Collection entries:
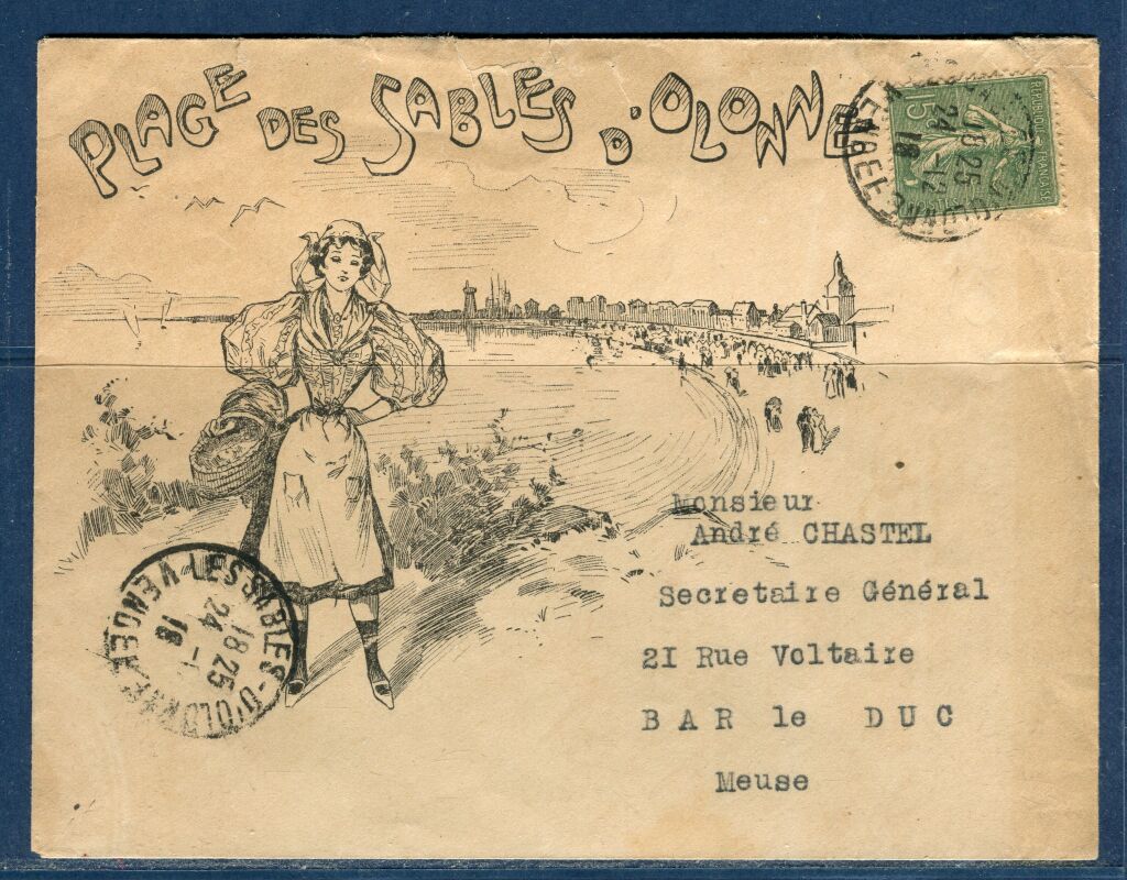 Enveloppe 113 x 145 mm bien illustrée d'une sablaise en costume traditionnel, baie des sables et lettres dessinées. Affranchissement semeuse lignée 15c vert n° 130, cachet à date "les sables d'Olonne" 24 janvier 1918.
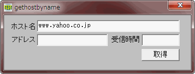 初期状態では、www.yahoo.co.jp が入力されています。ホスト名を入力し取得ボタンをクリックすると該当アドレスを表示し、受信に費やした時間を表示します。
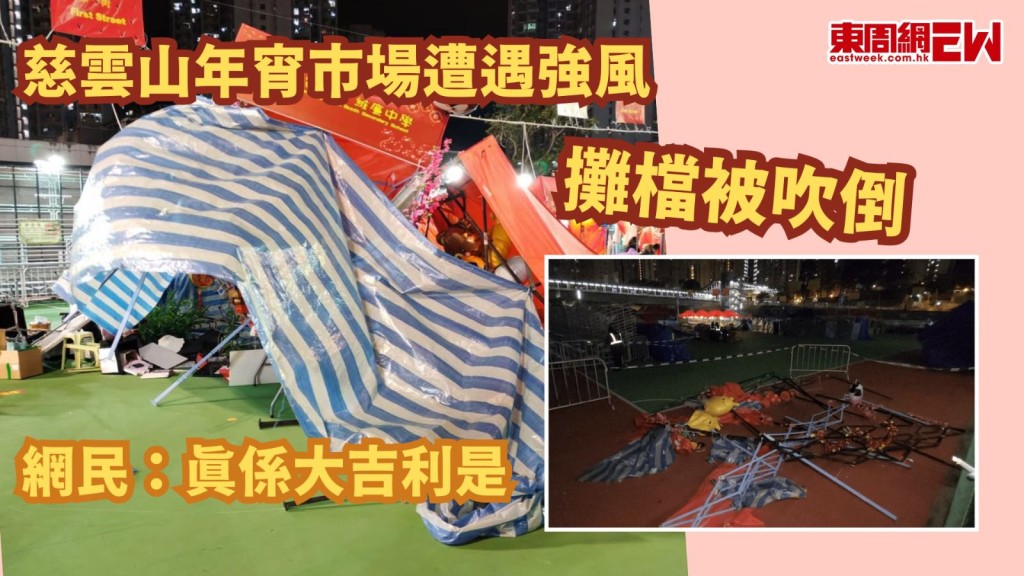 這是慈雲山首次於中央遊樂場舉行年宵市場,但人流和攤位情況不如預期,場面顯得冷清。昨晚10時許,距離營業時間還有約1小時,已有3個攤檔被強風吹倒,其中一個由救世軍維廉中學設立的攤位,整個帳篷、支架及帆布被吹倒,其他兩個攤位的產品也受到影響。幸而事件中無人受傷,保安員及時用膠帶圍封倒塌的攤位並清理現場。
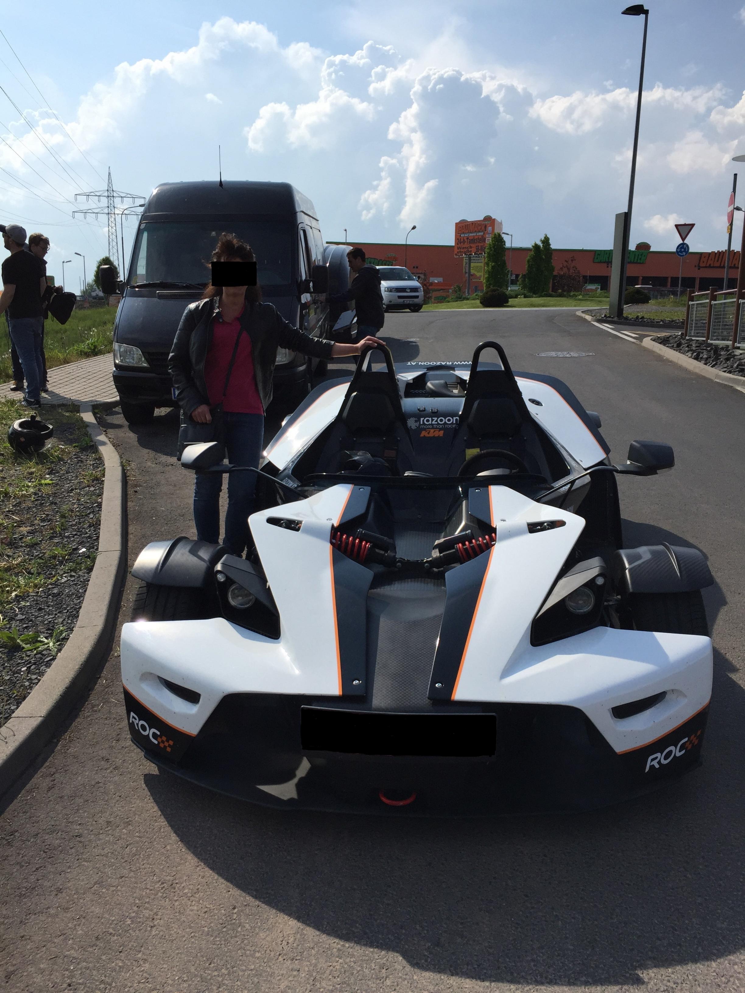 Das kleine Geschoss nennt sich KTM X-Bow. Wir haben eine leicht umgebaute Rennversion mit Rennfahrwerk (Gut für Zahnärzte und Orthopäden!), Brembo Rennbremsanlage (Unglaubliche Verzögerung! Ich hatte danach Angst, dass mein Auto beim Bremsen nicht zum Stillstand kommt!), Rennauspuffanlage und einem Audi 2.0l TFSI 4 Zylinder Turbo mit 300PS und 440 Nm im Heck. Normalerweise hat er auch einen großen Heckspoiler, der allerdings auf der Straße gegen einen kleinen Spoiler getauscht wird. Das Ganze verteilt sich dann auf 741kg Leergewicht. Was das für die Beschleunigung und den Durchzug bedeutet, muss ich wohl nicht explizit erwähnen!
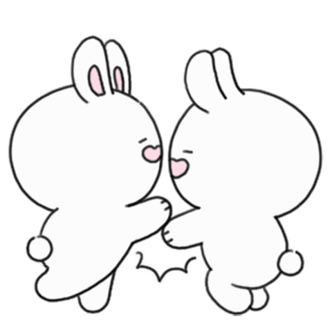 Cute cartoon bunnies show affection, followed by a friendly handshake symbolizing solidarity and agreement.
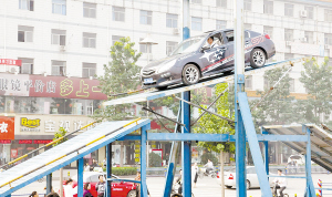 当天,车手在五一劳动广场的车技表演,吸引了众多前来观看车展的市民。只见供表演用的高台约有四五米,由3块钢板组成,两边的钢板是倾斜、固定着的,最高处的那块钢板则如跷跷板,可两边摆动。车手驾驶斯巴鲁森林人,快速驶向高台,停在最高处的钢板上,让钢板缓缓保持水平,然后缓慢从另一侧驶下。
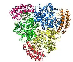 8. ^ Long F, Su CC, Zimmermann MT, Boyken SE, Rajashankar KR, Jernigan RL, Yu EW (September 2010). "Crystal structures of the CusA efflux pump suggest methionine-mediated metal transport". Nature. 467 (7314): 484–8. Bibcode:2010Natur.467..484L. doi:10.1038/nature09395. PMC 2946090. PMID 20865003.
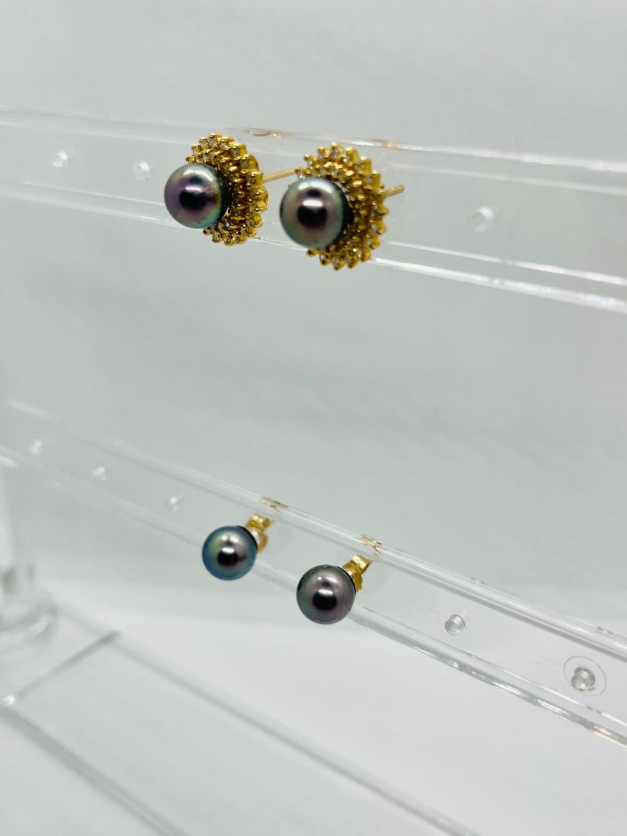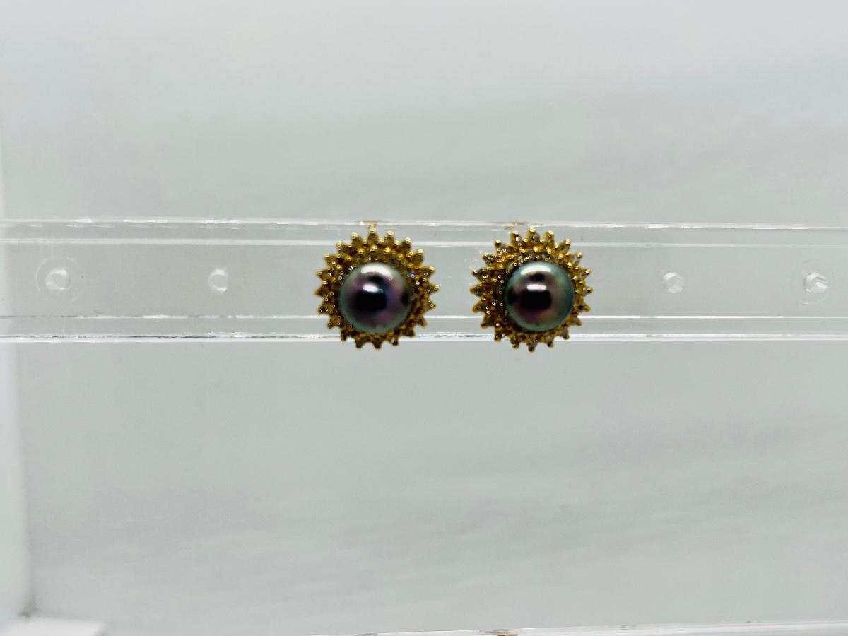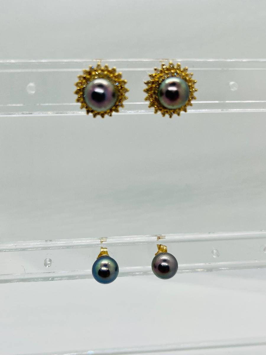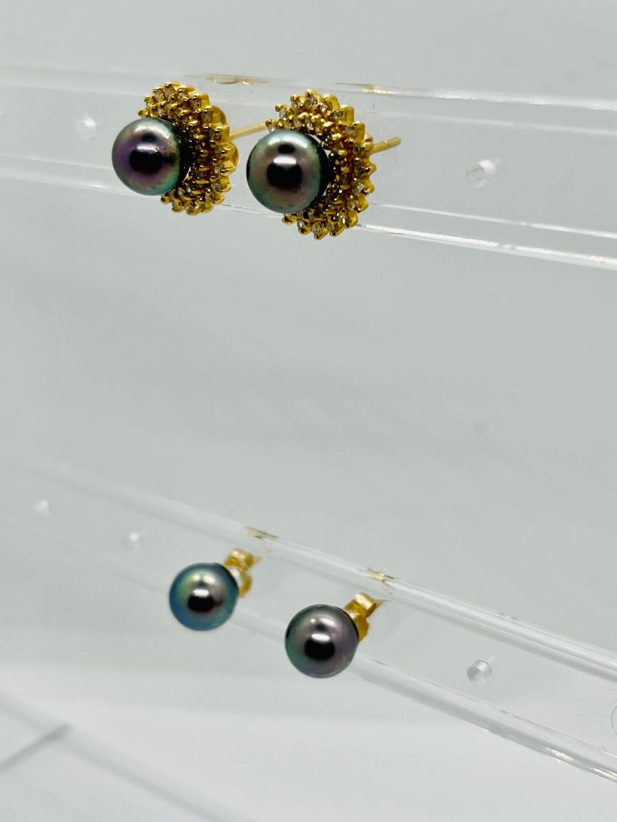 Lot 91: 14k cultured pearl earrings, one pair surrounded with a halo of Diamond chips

Work task: Print once more, exactly, the lines that start at the top of the records above and end at the line with "這是慈雲山首次於中央遊樂場舉", skipping all pictures.

Exercise response:
 Enveloppe 113 x 145 mm bien illustrée d'une sablaise en costume traditionnel, baie des sables et lettres dessinées. Affranchissement semeuse lignée 15c vert n° 130, cachet à date "les sables d'Olonne" 24 janvier 1918.
 初期状態では、www.yahoo.co.jp が入力されています。ホスト名を入力し取得ボタンをクリックすると該当アドレスを表示し、受信に費やした時間を表示します。
 這是慈雲山首次於中央遊樂場舉行年宵市場,但人流和攤位情況不如預期,場面顯得冷清。昨晚10時許,距離營業時間還有約1小時,已有3個攤檔被強風吹倒,其中一個由救世軍維廉中學設立的攤位,整個帳篷、支架及帆布被吹倒,其他兩個攤位的產品也受到影響。幸而事件中無人受傷,保安員及時用膠帶圍封倒塌的攤位並清理現場。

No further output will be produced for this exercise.